Мужчина встал и потом ещё раз встал, то есть выпрямился. Сэм впервые в жизни почувствовал себя человеком нормального роста, а не дылдой, которому нужно наклоняться почти к каждому для разговоров и поцелуев. Высокий Дин на рост не жаловался и плевал на подобные Сэмовы заморочки. Когда младший его перерос, он стал делать очень просто – швырял Сэма на ближайший стул и устраивался сверху. И так и висел над ним, упираясь руками в плечи или в спинку стула, и заигрывал всем телом – м-м-м, Сэмми, ты такой горячий мальчик – крутил бёдрами, сжимал как удав, целовал обмякшего, расплющенного Сэма, и тот тёк от Динова смеха так близко к губам, выгибался вверх и хватался за пояс, вплетая пальцы в шлёвки.

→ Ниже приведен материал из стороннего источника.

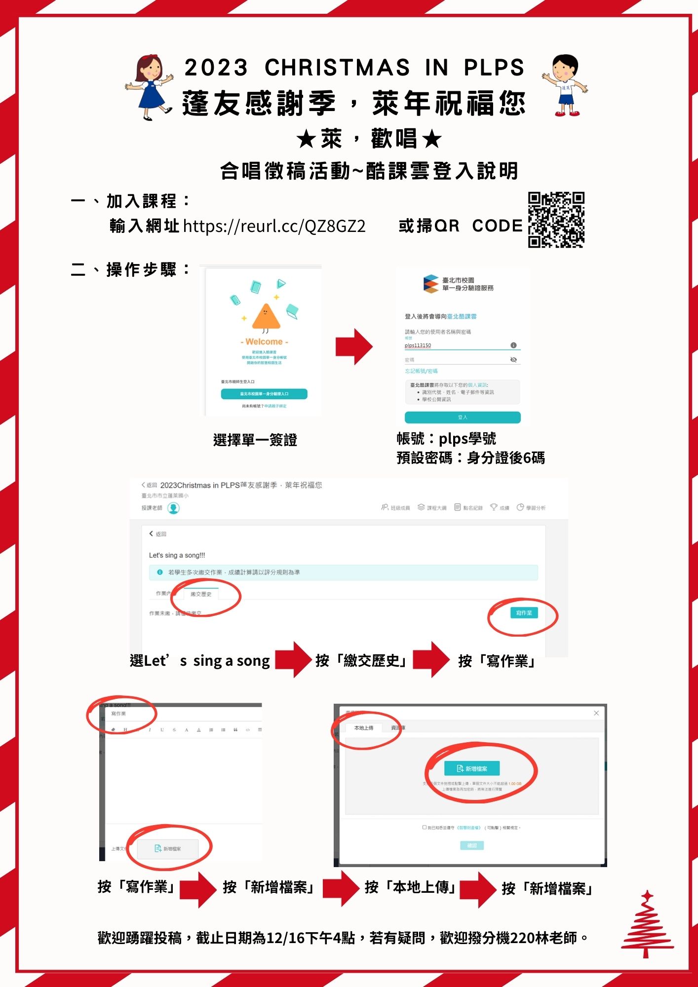 2.歡迎孩子上傳自己演唱的聖誕歌曲「We wish a merry Christmas」影片,只要上傳影片,就可以獲得30點E酷幣!影片被錄取的同學,除了再加贈30點E酷幣外,還有特別的禮物!演唱的影片會被剪輯成段落,公開在學校網站上撥放喔!歡迎同學們踴躍投稿!
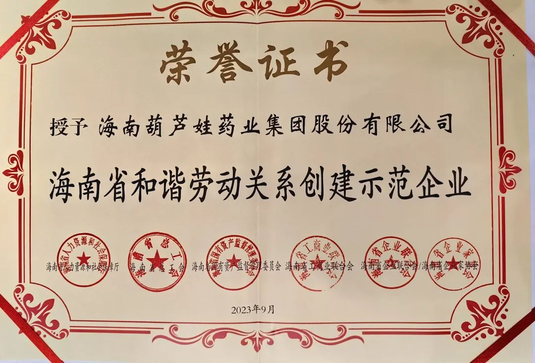 永乐高药业集团获评“海南省和谐劳动关系创建示范企业”
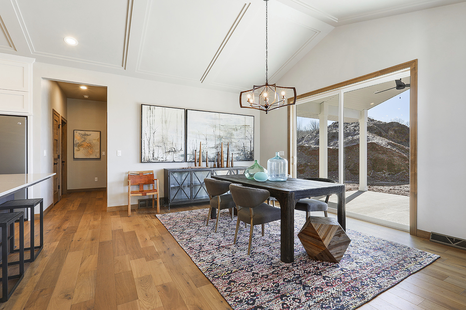 Cassie: Your eye sees a room like your ear hears music. So we talk about rhythm in design, and that’s a big deal with grouping of accessories, artwork and then it’s in relation also to what else is going on in the room. So if you have a lot of straight windows and you’re going to go hang a grouping of art,  then we may suggest more staggering.
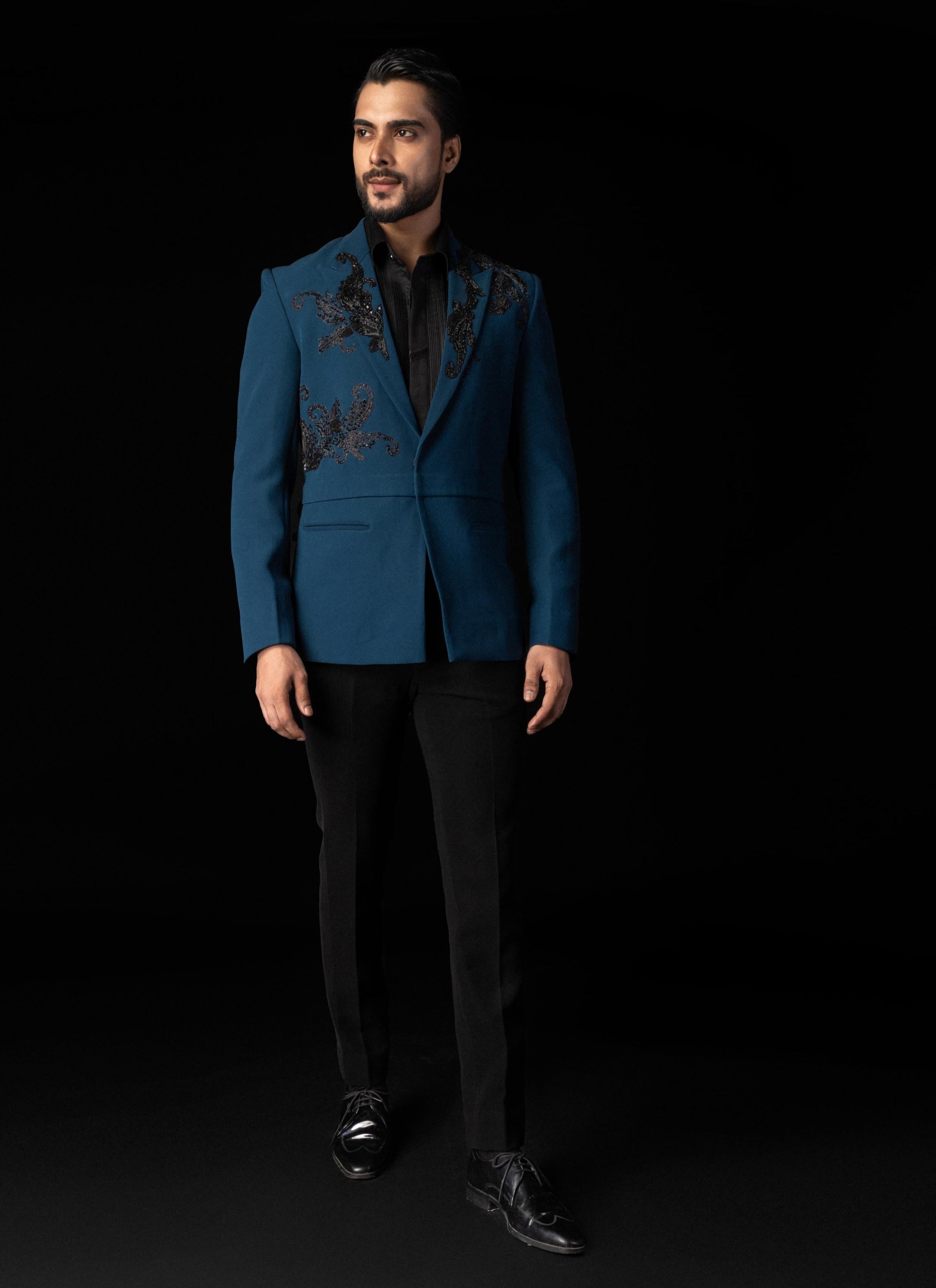 Make a bold fashion statement with the Teal Zeal Double Panelled Tuxedo, a striking blend of modern design and classic elegance. Featuring a rich teal hue and unique double-panel detailing, this tuxedo exudes sophistication and individuality. The carefully tailored fit and contemporary design make it a standout choice for formal events, weddings, and upscale galas. Whether you're attending a black-tie affair or a special celebration, the Teal Zeal Tuxedo offers a refined and dynamic look that ensures you'll make a lasting impression.
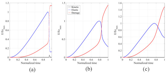 Kinetic, elastic, and damaged energies normalized with respect to the maximum elastic energy against the normalized time for: (a) L, (b) M, and (c) S sizes.
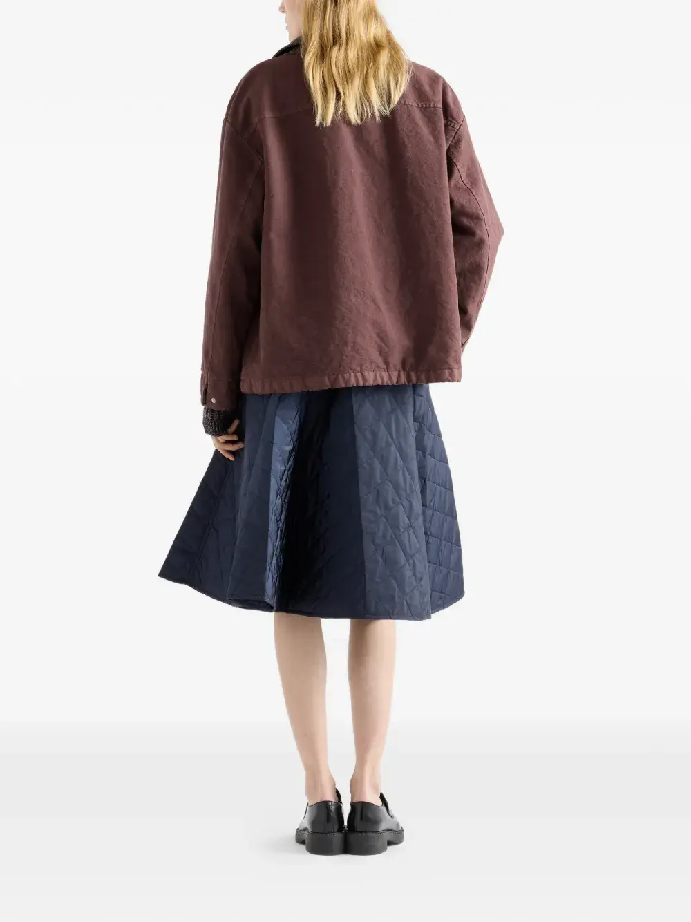 синяя стёганая вещь с металлическим логотипом-треугольником и эластичным шнурком

– Молодой человек, в городе всего один мотель, и успокойтесь, если у вас нет денег, я поселю вас бесплатно. Я не настолько беден, чтобы выгнать вас обратно в такой ливень.

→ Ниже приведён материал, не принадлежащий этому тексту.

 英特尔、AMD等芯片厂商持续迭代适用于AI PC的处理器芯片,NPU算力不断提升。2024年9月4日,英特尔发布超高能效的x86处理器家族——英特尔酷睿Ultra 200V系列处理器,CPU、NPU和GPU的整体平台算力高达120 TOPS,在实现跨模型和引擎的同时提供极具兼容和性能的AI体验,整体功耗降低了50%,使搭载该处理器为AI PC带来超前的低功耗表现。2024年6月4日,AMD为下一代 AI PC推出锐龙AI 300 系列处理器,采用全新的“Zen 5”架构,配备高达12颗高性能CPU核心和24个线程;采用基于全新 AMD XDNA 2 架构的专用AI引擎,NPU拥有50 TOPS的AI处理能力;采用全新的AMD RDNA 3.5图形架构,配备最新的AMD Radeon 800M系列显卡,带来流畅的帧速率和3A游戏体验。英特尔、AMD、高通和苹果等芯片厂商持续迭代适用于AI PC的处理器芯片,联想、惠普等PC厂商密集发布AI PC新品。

Сэм оторопел во второй раз. Голос у великана оказался очень высоким, хотелось даже открыть рот, чтобы звук не так дёргал перепонки. Но дело было даже не в столь неожиданном для прижимистых мотельных хозяев предложении – за окном всё снова тонуло в дожде, словно великан своим пронзительным, как визг пилы, голосом выдернул его обратно из преисподней.
– Пройдёмте, – и гигантская ладонь указала в тёмный провал коридора с одиноким жёлтым огоньком в самом конце.

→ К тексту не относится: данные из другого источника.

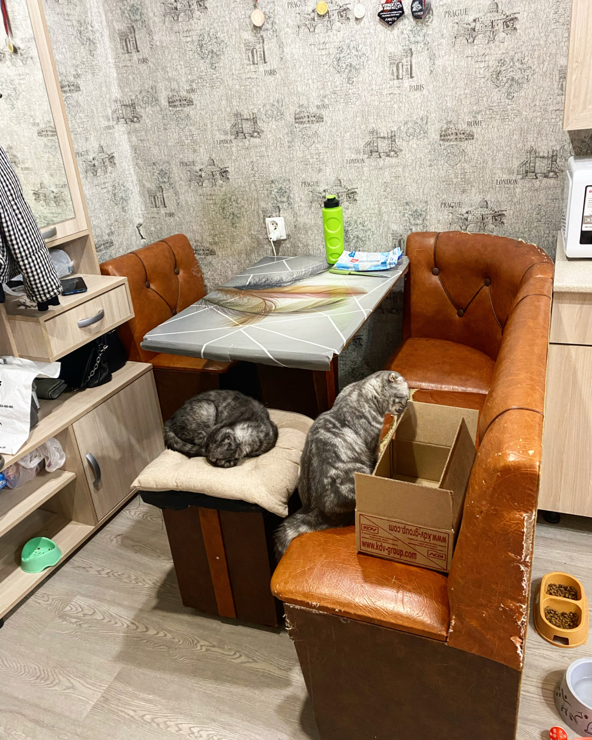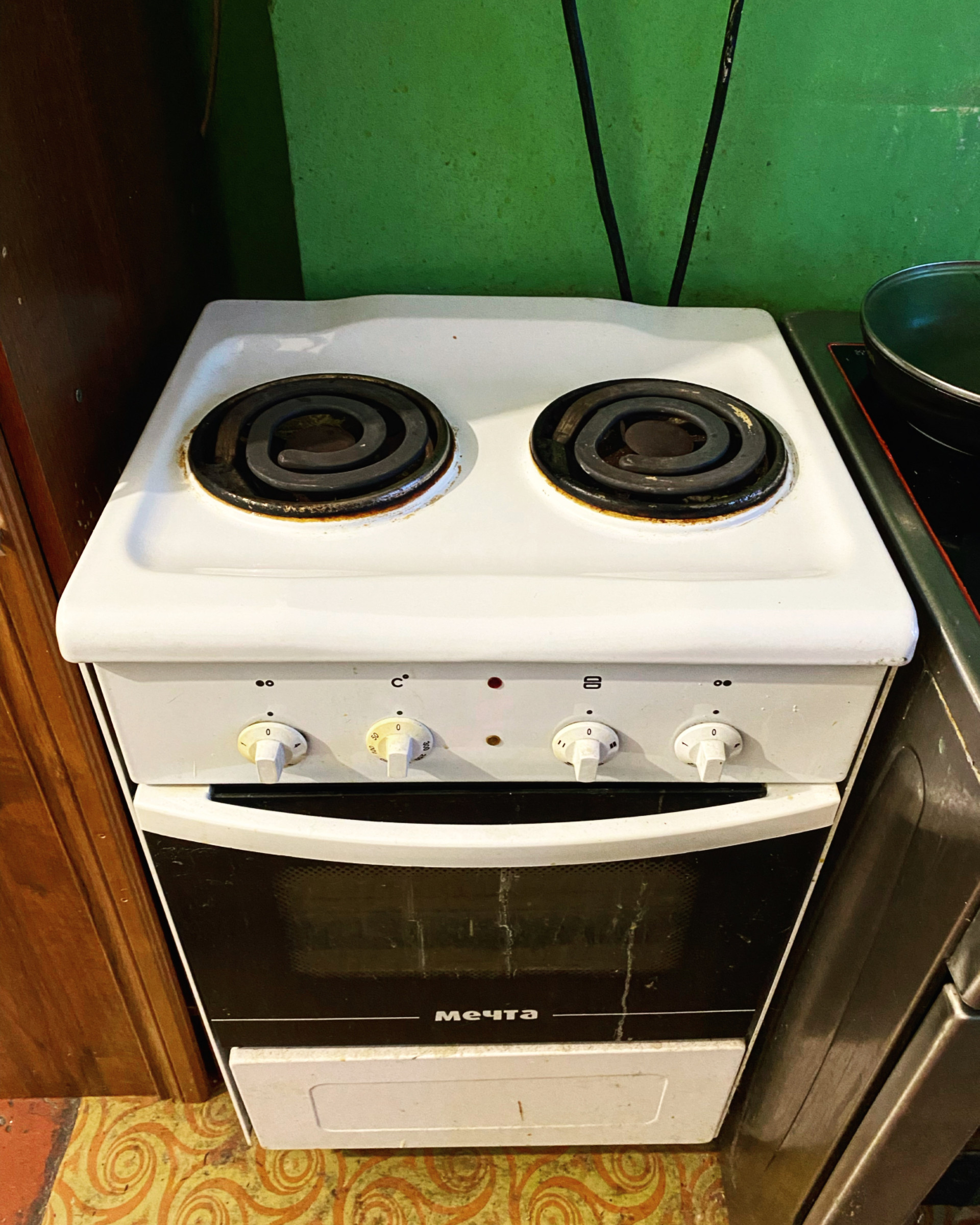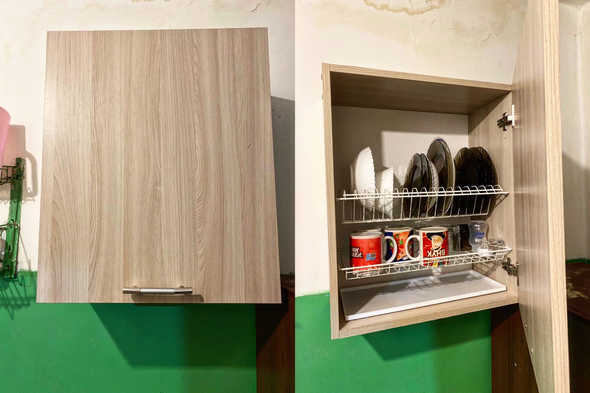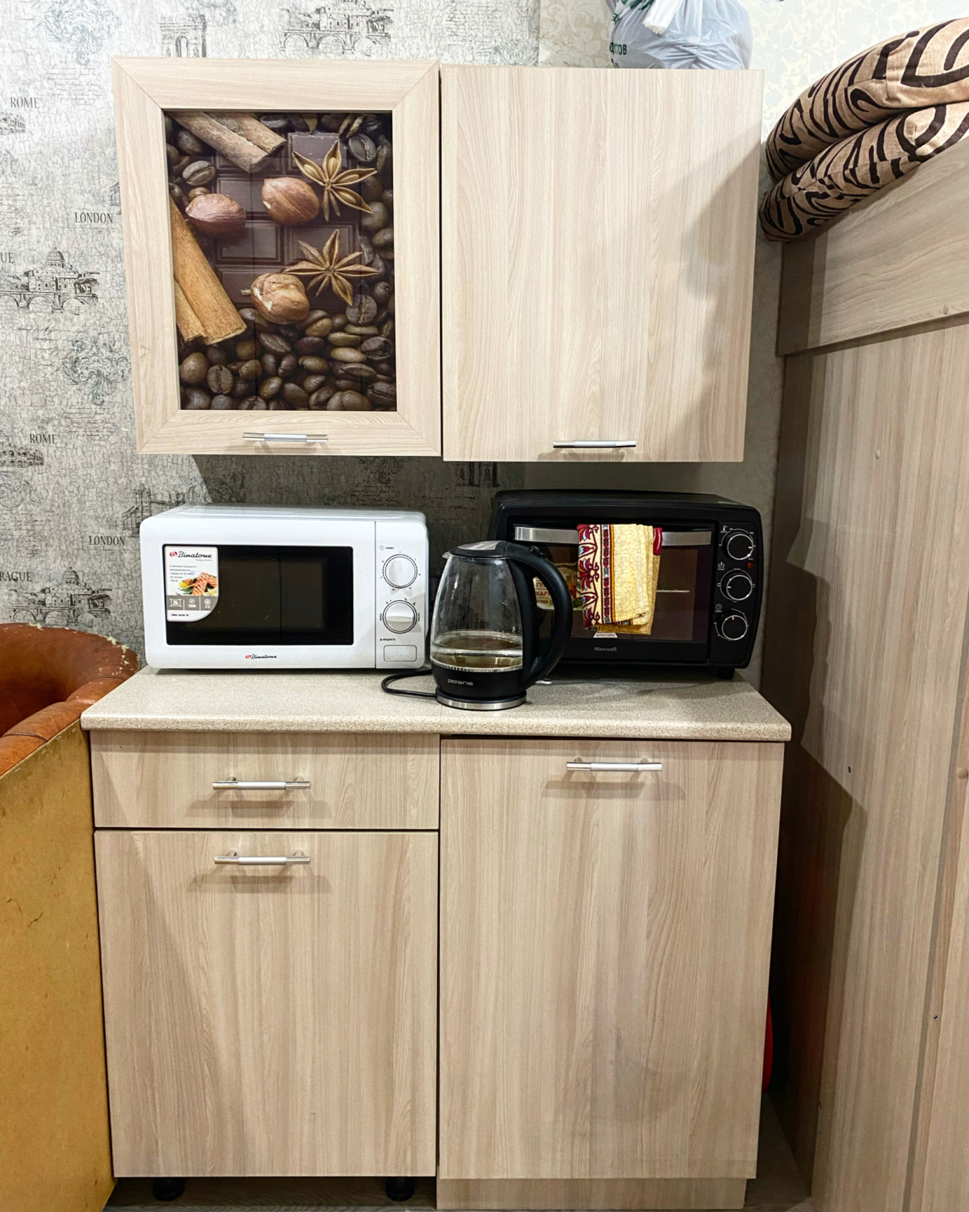 На кухне свое место (есть сушилка для посуды, плитка, стол)

От двери к двери вовсю гуляли сквозняки, и Сэм почти побежал, догоняя широко шагающего великана. За спиной раздался тихий цокот когтей о напольную плитку, но когда Сэм оглянулся, то никого и ничего реального не увидел, лишь кое-где тусклый свет странно себя вел, преломляясь в подвисшей на четырех невидимых лапах некой сущности, источавшей тревожный запах.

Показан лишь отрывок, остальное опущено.